I thought my no answer would be universally understood as a rejection. Apparently not. This time Dad waited outside again this time with his beautiful daughter in tow. Her big blue bow in messed up hair bounced along next to my daughter as they played together looking at the fish tank. Good Grief, can the agony not end. While the girls look cute together all I could think of was, let’s not intermingle families. So he tried to start a conversation again. Mixed in with divorce and how many kids he had was “Would you like to go to dinner?” My knees got weak and I felt sick. I snatched my daughter’s hand, smiled and said I need to run off to do some errands but I was terribly busy you know being a single mom, I didn’t have time to date.

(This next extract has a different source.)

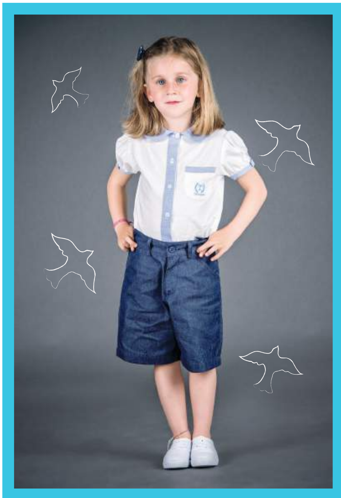
Blusa Manga Balão/Blouse Ref. 0302310(002) Calção Denim/Shorts Ref. 0601510(017)

So yeah I lied. I am sure he will come across my dating profile and call me out as a blasphemer.
You would think it was just as simple to click the checkbox on your dating profile and be done with it. The boxes for Christian that list out 5 to 10 “Types” of Christian and then the other more obvious choices like Jewish, Buddhist, Agnostic, Atheist, Muslim, and of course “Spiritual but not religious.” It’s almost easier to wonder whether money, foodie or workaholic could also be synonymous with a religion for the vast majority of profiles out there. That’s why there are dating sites like J-Date for those that are Jewish and Christian Mingle for those that are Christian – OR not!

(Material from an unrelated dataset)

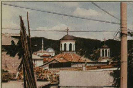
Изглед от с. Старцево

Седмте дни на Светлата седмица – седем глътки жива вода от чистите родопски извори на вяра и благочестие

Why should religion matter or not?
Based on my experience, religion matters a bit. If I am not as devoted as my partner in something so important as in honoring God I should allow him to express that side of himself and vice versa. However, if I begin to feel that I am less than because of his devotion than I am wasting my partner’s time. As a partner, your role is to be supportive not competitive with your partner’s religious beliefs and many times that means worshiping together, having open discussions about faith, and NOT judging each other based only upon the “red” words of the bible. Yet there are also many couples who have completely different religions or beliefs from each other that also do perfectly fine. The answer to that is about priorities. If religion is a priority than communicate that with your potential dates/relationships and explain how your every day life fulfills that you value religion. I have been told many times about someone’s values only to be showed something different. That is where many dating sites get it wrong. You check mark a box a to say you are Christian or to make you look good to potential dates and you can encounter many different types of Christians in different stages of their faith development – some are Christian by baptism and that is all while others are devoted. The overarching theme should be what you both bring to the table and what you are willing to prioritize and put up with – religion included.

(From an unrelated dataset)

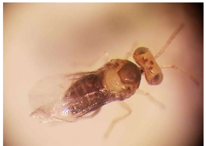
Abb. 20: Die Schlupfwespe Encarsia tricolor ist heimisch und kann im Spätsommer in Kohlbeständen stärker auftreten.

Da Schwebfliegen-Larven relativ ortstreu sind, durchlaufen sie die Larven- und Puppenentwicklung meist auf der Pflanze, auf der sie als Ei abgelegt wurden. Entsprechend befinden sich Schwebfliegen-Larven und -Puppen im Spätsommer und Frühherbst häufiger am Erntegut (Abb. 19). Obwohl es sich dabei um Nützlinge handelt, werden diese z.T. als Fremdbesatz angesehen und vom Handel nicht immer toleriert. Bei starkem Auftreten der Schwebfliegen-Larven und weiterer Nützlinge, wie beispielsweise der Schlupfwespe Encarsia tricolor (Abb. 20, 21), kann es im August oder September zu einem vorübergehenden Rückgang der Weisse-Fliege-Population kommen. Ein kompletter Zusammenbruch der Schädlingspopulation ist dennoch nicht zu erwarten.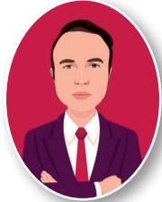
İşleyen Zeka Yayınları

Paragraftan çıkarılacak sonuç aşağıdakilerden hangisidir?

When the going gets tough and TOUGH ain’t enough
While in San Antonio with Dallas Single Dad I quietly walked into the the Cathedral de San Fernando to sit and pray. We both grew up Catholic and both had tried out different religions but it was a topic we never brought up. We both are not exactly as devoted to church on our Sundays. I was quite embarrassed in having him see me pray because I felt like I would look hypocritical in his eyes since I am not that devoted. I pray all the time and I wanted to pray again just didn’t want him to see me. Of course he snuck up behind me as I finished and it obviously didn’t bother me afterward. Yet we still don’t really talk about religion and it is something that I think all couples should talk about before they get serious. Religion is not just important in sad times or difficult times but also in happy times or seemingly happy times. As individuals we all evolved in different ways and how we practice our religion plays a role in how we conduct our lives. There is a strength in energy when we pray together as a unit and a couple that prays together essentially enjoins those energy forces and imparts that to their children. When things get tough, I know that God has my back and my partner will hold my hand.